The flowing pressures during the described pumping process may be below the maximum pressure of the surface tank battery 47, in order to prevent any relief valves from opening and to maintain flow to sufficiently evacuate the underground production tubing 49. Pumping may continue long enough to ensure the hydrostatic fluid column 14 is sufficiently lowered to allow production to resume. In the event the well is on plunger lift with plunger 71, the pumping process may conclude once the plunger 71 is lifted to the surface and lands in the lubricator 68, at the top of the well head 21. Depending on the effectiveness of the liquid unloading, this process may need to be repeated multiple time to ensure the plunger is operating at its required cycle.

Possibly, as depicted in FIG. 1, the compression pump 10 may be used to remove the fluid from the underground production tubing 49 and a secondary compression pump 74 may be used to pump field gas from a gas source 75, to lighten the hydrostatic pressure so that production can be re-established.

In this scenario, the pressure of the underground production tubing, typically measured at the gauge or sensor 59, may be too low for the compression pump 10 and may be insufficient to remove the gas phase and the liquid phase from the well because the pressure within the formation 70 is too low. The secondary compression pump 74 may be connected to the casing annulus through a valve 51. The field gas from the gas source 75 may be injected either into a gas lift valve 69 or into other perforation in the base of the underground production tubing 49. The field gas may also be pumped to create a u-tubing flow around the bottom of the underground production tubing 49 in the event there is no packer 50 in place and the underground production tubing 49 is simply anchored in place with no pressure isolation between the underground production tubing 49 and the casing annulus 48. Injecting field gas may be done to help lighten the load within the underground production tubing 49 by creating gas bubbles within the liquid column to assist liquid movement to the surface. Simultaneously, “blowing-down” the underground production tubing 49 using the compression pump 10 as a means of evacuating the underground production tubing 49 without venting the contents of the tubing to atmosphere, ultimately allowing the hydrostatic fluid column 14 to flow from the underground well 24 towards the tubing connection valve 52 into the separation vessel 64.
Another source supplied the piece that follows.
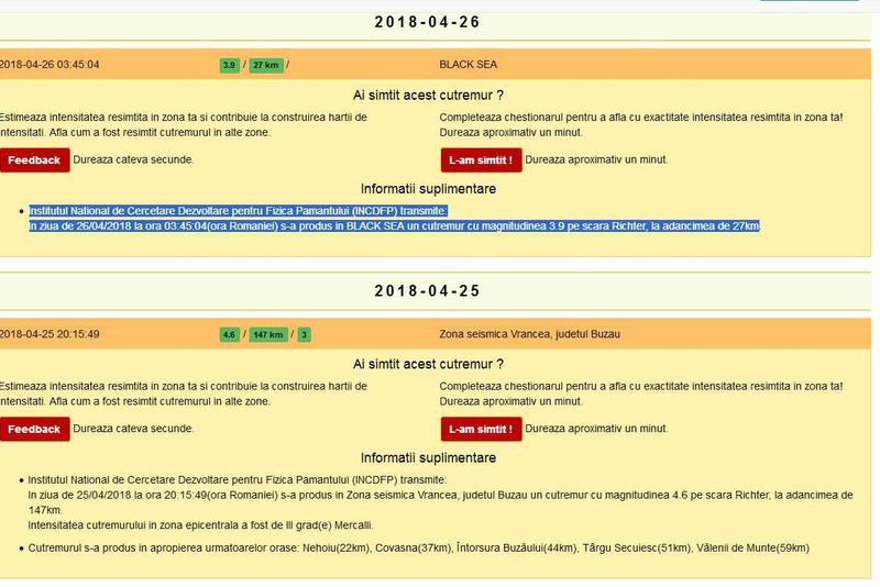 Institutul National de Cercetare Dezvoltare pentru Fizica Pamantului (INCDFP) transmite:In ziua de 26/04/2018 la ora 03:45:04(ora Romaniei) s-a produs in BLACK SEA un cutremur cu magnitudinea 3.9 pe scara Richter, la adancimea de 27km.

Possibly, as depicted in FIG. 1, a connection line through a valve 50 of the well head 21 may connect the casing annulus 48 to the surface battery tank 47. The valve 50 may typically be kept closed in regular operation as described previously. A pressure gauge or sensor 53 as well as a check-valve 18 may be present on the connection line linking the casing annulus 48 to the surface battery tank 47.

Possibly the single compression pump 10, as represented in FIG. 1 may be a group of compression pumps or units 10.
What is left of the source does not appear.